1German Remote Sensing Data Center, DFD, German Aerospace Center, DLR, Germany
2Institute for Atmospheric Physics, German Aerospace Center, DLR, Germany
Abstract. Dynamics and chemistry of the lower and middle stratosphere are characterized by manifold processes on different scales in time and space. The total column density of ozone, measured by numerous instruments, can be used to trace the resulting variability. In particular, satellite-borne spectrometers allow global observation of the total ozone distribution with proven accuracy and high temporal and spatial resolution. In order to analyse the zonal and hemispherical ozone variability a spectral statistical Harmonic Analysis is applied to multi-year total ozone observations from the Total Ozone Monitoring Spectrometer (TOMS). As diagnostic variables we introduce the hemispheric ozone variability indices one and two. They are defined as the hemispheric means of the amplitudes of the zonal waves number one and two, respectively, as traced by the total ozone field.
In order to demonstrate the capability of the diagnostic for intercomparison studies we apply the hemispheric ozone variability indices to evaluate total ozone fields of the coupled chemistry-climate model ECHAM4.L39(DLR)/CHEM (hereafter: E39/C) against satellite observations. Results of a multi-year model simulation representing ''2000" climate conditions with an updated version of E39/C and corresponding total ozone data of TOMS from 1996 to 2004 (Version 8.0) are used. It is quantified to what extent E39/C is able to reproduce the zonal and hemispherical large scale total ozone variations. The different representations of the hemispheric ozone variability indices are discussed.
Summarizing the main differences of model and reference observations, we show that both indices, one and two, in E39/C are preferably too high in the Northern Hemisphere and preferably too low in the Southern Hemisphere. In the Northern Hemisphere, where the coincidence is generally better, E39/C produces a too strong planetary wave one activity in winter and spring as well as a too high interannual variability.
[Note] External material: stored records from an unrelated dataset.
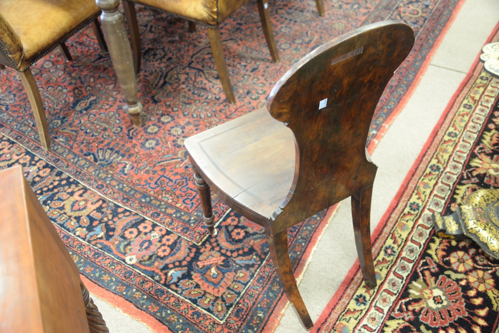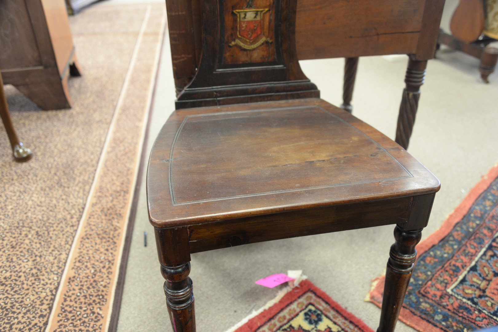 Lot 75: Regency Mahogany Side Chair 19th Century having shaped, paneled back, painted with a monogram and coat of arms, above a paneled seat…
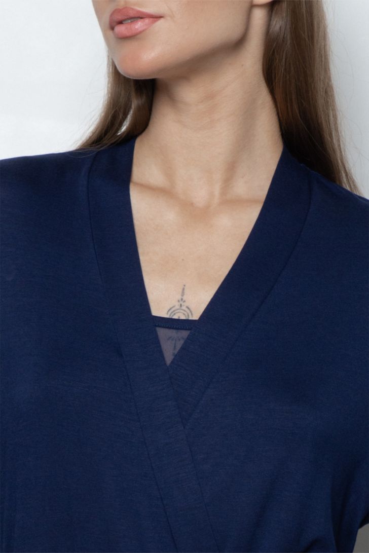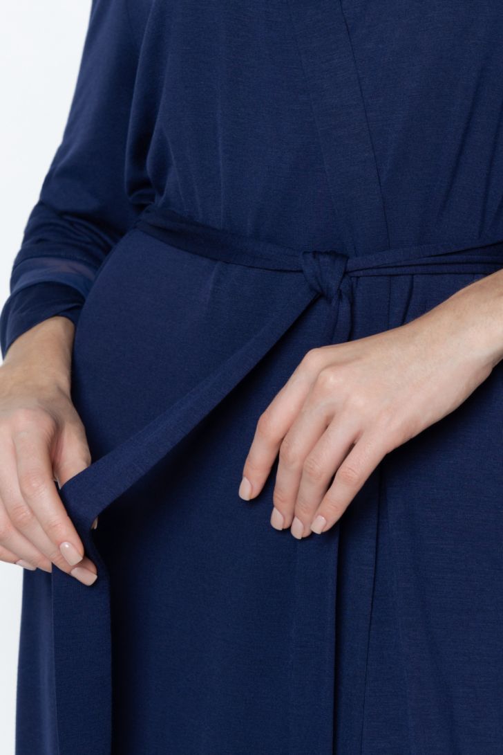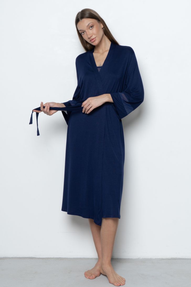 Пеньюар с запахом в длине миди. Длинный пояс фиксирует силуэт и подчёркивает талию. Широкие рукава декорированы вставками из полупрозрачной сетки. Практичные боковые карманы делают пеньюар не только красивым, но и функциональным элементом домашнего гардероба.
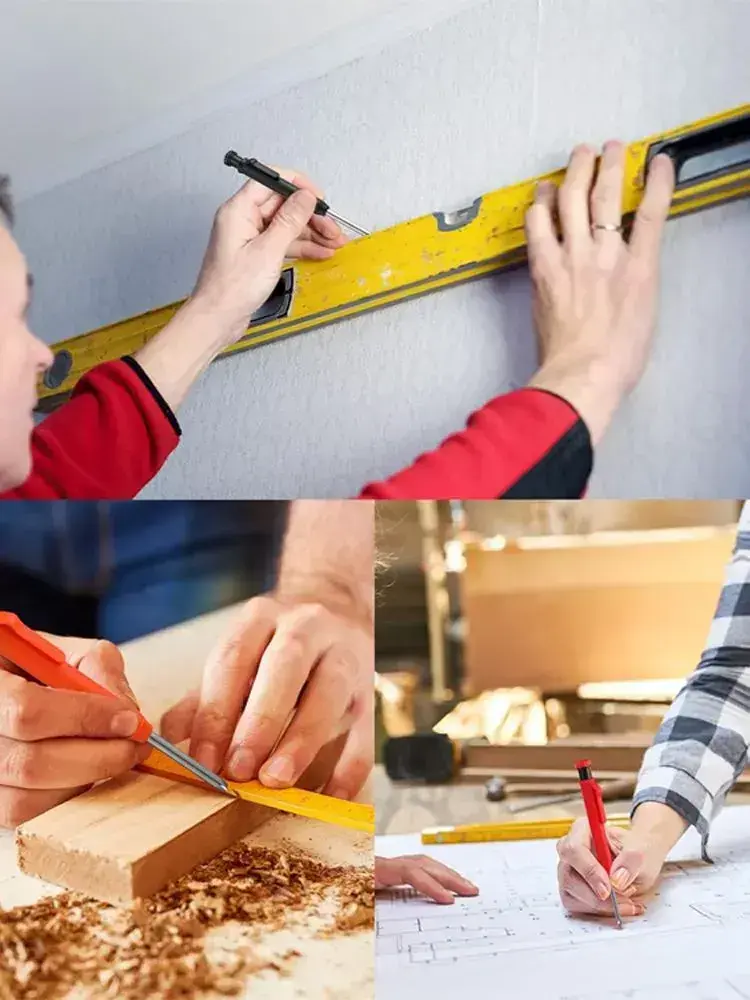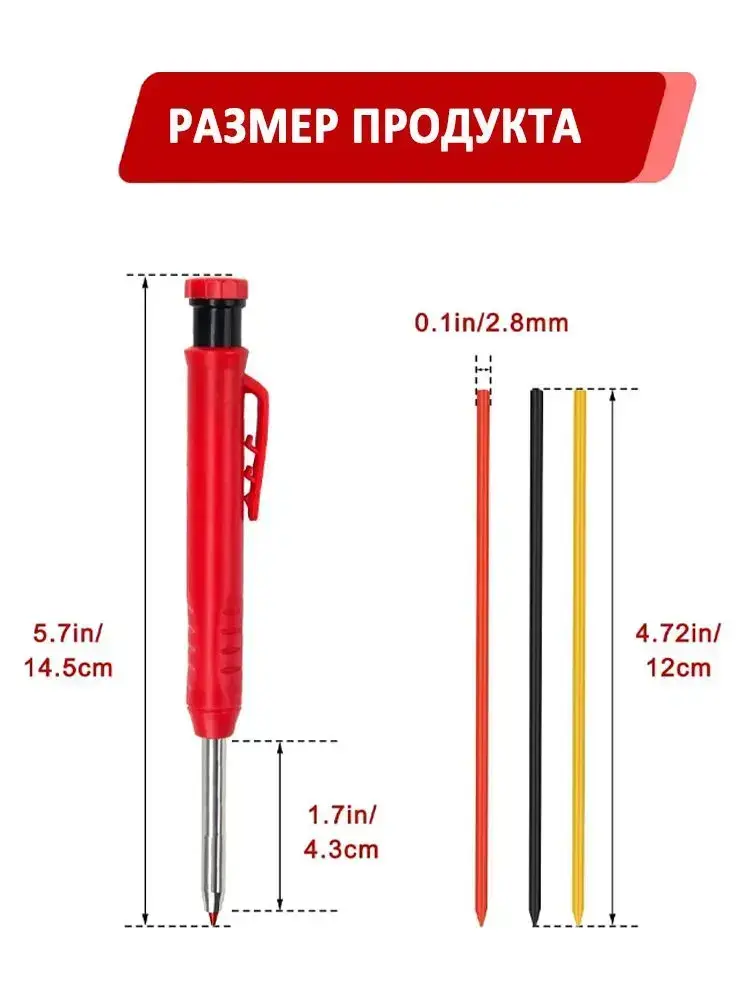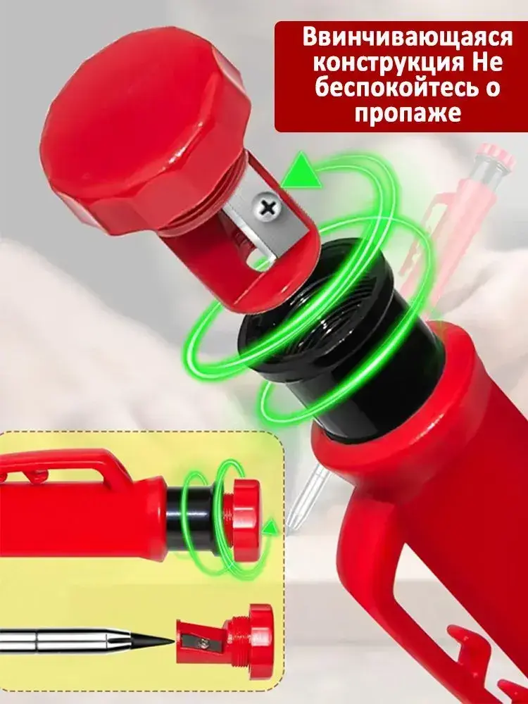 Карандаш строительный с точилкой, с комплектом грифелей.

For the Southern Hemisphere we conclude that model and observations differ significantly during the ozone hole season. In October and November amplitudes of wave number one and two are underestimated. This explains that E39/C exhibits a too stable polar vortex and a too low interannual variability of the ozone hole. Further, a strong negative bias of wave number one amplitudes in the tropics and subtropics from October to December is identified, which may also contribute to the zonal-symmetric polar vortex. The lack of wave two variability in October and November leads to weak vortex elongation and eventually a too late final warming. Contrary, too high wave number two amplitudes in July and August indicate why the polar vortex is formed too late in season by E39/C.
In general, the hemispheric ozone variability indices can be regarded as a simple and robust approach to quantify differences in total ozone variability on a monthly mean basis. Therefore, the diagnostic represents a core diagnostic for model intercomparisons within the CCM Validation Activity for WCRP's (World Climate Research Programme) SPARC (Stratospheric Processes and their Role in Climate) regarding stratospheric dynamics.